_SOURCE MATERIAL_

########################################

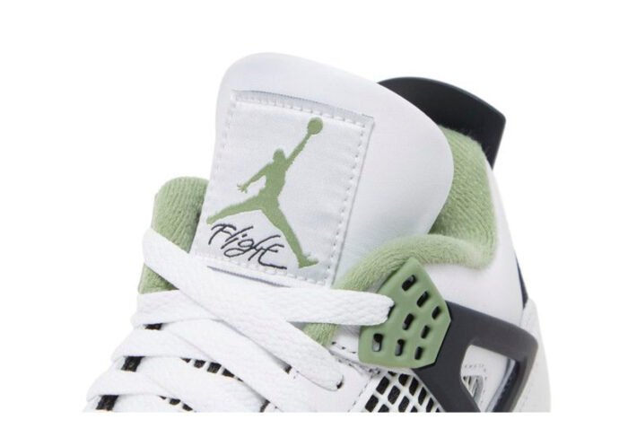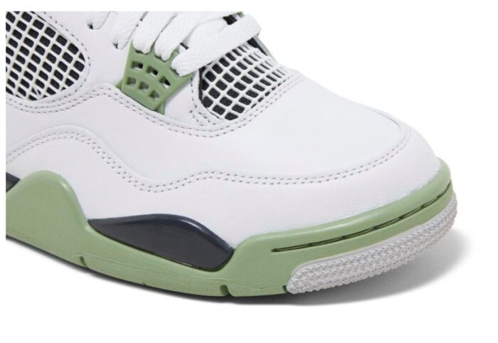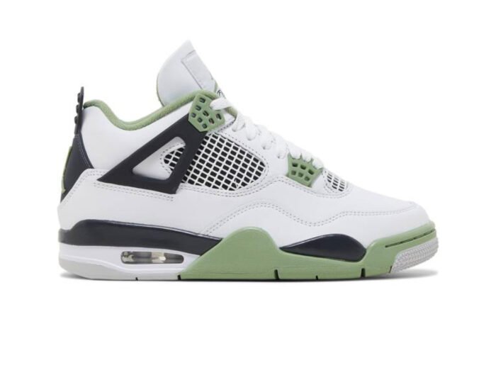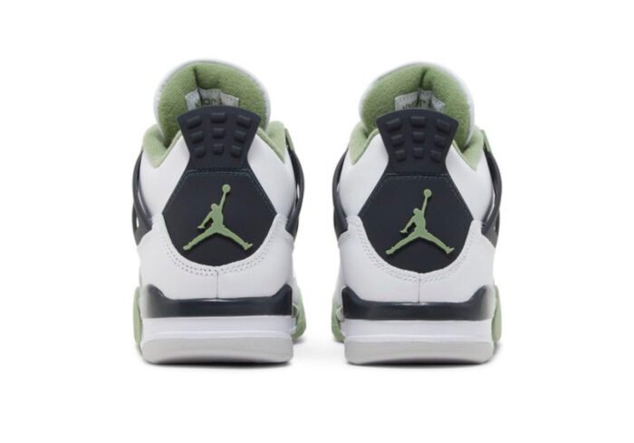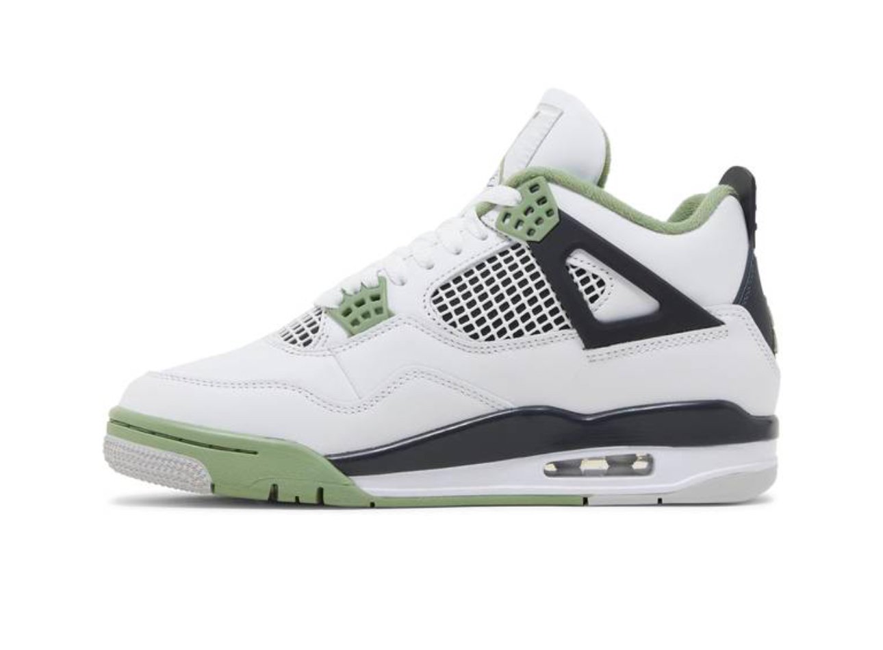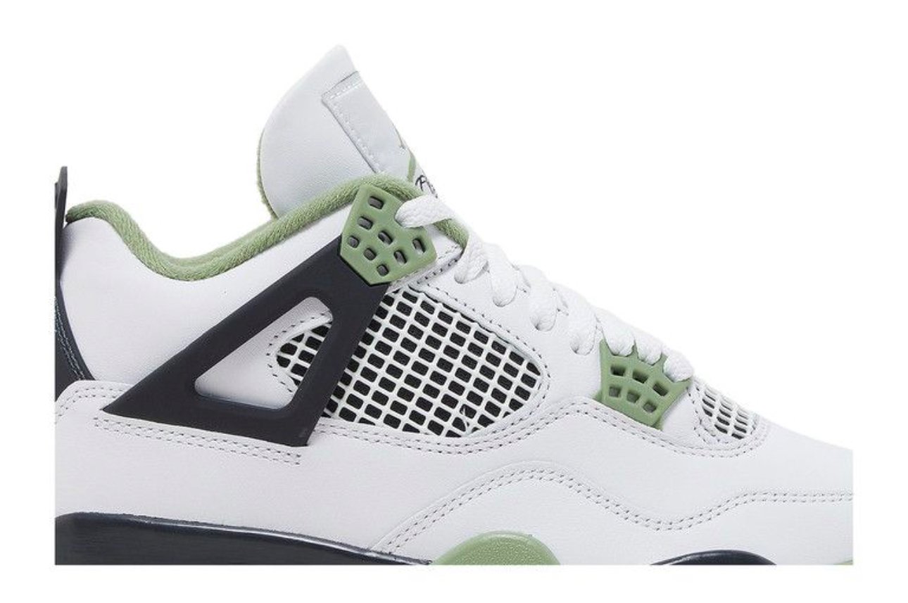 The Air Jordan 4 Seafoam (W) received the same color-blocking treatment as the Jordan 4 Fire Red, and Jordan 4 Military Blue. The Seafoam Air Jordan 4 features a smooth white leather upper, with a black midsole and heel tab. Seafoam green eyelets, mudguard, sock lining, and tongue and heel logos, add a layer of contrast to the sneaker.
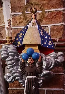 Junto al lado frontal de la nube, está una estatua de San Francisco de Asís, en la que el Patriarca aparece de rodillas y sosteniendo con ambas manos tres mundos que se apoyan sobre su cabeza y simbolizan las tres órdenes que fundó:
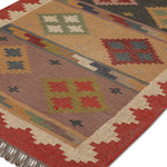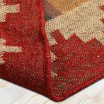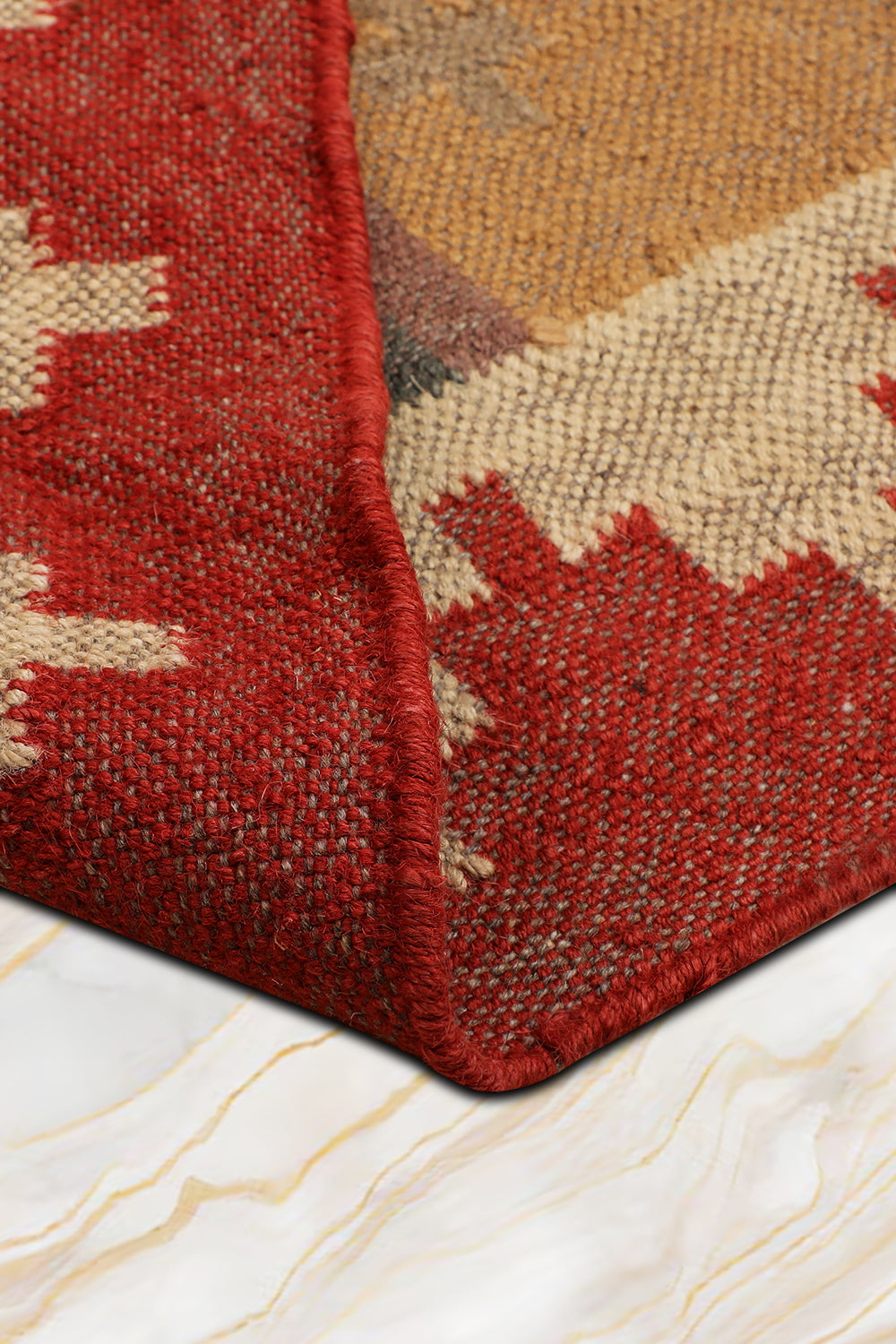 Add character to your space with the Javira rug, a vibrant handwoven piece from our Odyssey Collection that merges modern flair with rustic heritage. This 4 x 6 ft jute rug, featuring a low pile with a coarse texture, showcases geometric motifs in warm chestnut tone, soft beige dawn, and hints of deep taupe. Its design draws from nomadic weaving traditions, where geometric patterns symbolized protection and unity since ancient times, often crafted into flatweave Kilims to reflect tribal resilience. These motifs, embodying cultural narratives of strength and harmony, spread through trade routes, influencing textile arts with their bold simplicity. The sturdy texture makes it perfect for living rooms or bedrooms seeking a contemporary edge.
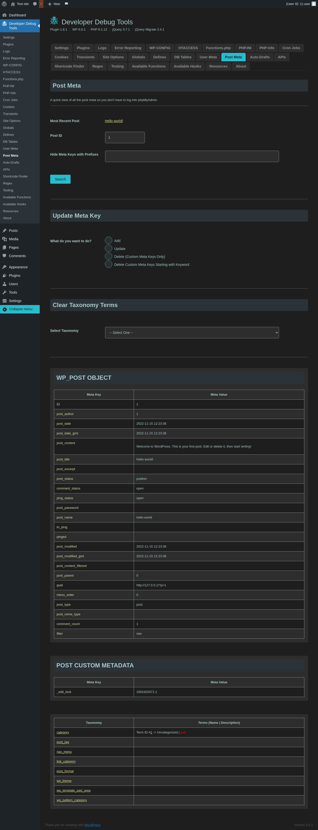 | URL | /wp-admin/admin.php?page=dev-debug-tools&tab=postmeta |

########################################

_TASK DETAILS_
Retype each line above precisely, please. Skip anything that is a picture.

_WRITTEN ANSWER_
 The Air Jordan 4 Seafoam (W) received the same color-blocking treatment as the Jordan 4 Fire Red, and Jordan 4 Military Blue. The Seafoam Air Jordan 4 features a smooth white leather upper, with a black midsole and heel tab. Seafoam green eyelets, mudguard, sock lining, and tongue and heel logos, add a layer of contrast to the sneaker.
 Junto al lado frontal de la nube, está una estatua de San Francisco de Asís, en la que el Patriarca aparece de rodillas y sosteniendo con ambas manos tres mundos que se apoyan sobre su cabeza y simbolizan las tres órdenes que fundó:
 Add character to your space with the Javira rug, a vibrant handwoven piece from our Odyssey Collection that merges modern flair with rustic heritage. This 4 x 6 ft jute rug, featuring a low pile with a coarse texture, showcases geometric motifs in warm chestnut tone, soft beige dawn, and hints of deep taupe. Its design draws from nomadic weaving traditions, where geometric patterns symbolized protection and unity since ancient times, often crafted into flatweave Kilims to reflect tribal resilience. These motifs, embodying cultural narratives of strength and harmony, spread through trade routes, influencing textile arts with their bold simplicity. The sturdy texture makes it perfect for living rooms or bedrooms seeking a contemporary edge.
 | URL | /wp-admin/admin.php?page=dev-debug-tools&tab=postmeta |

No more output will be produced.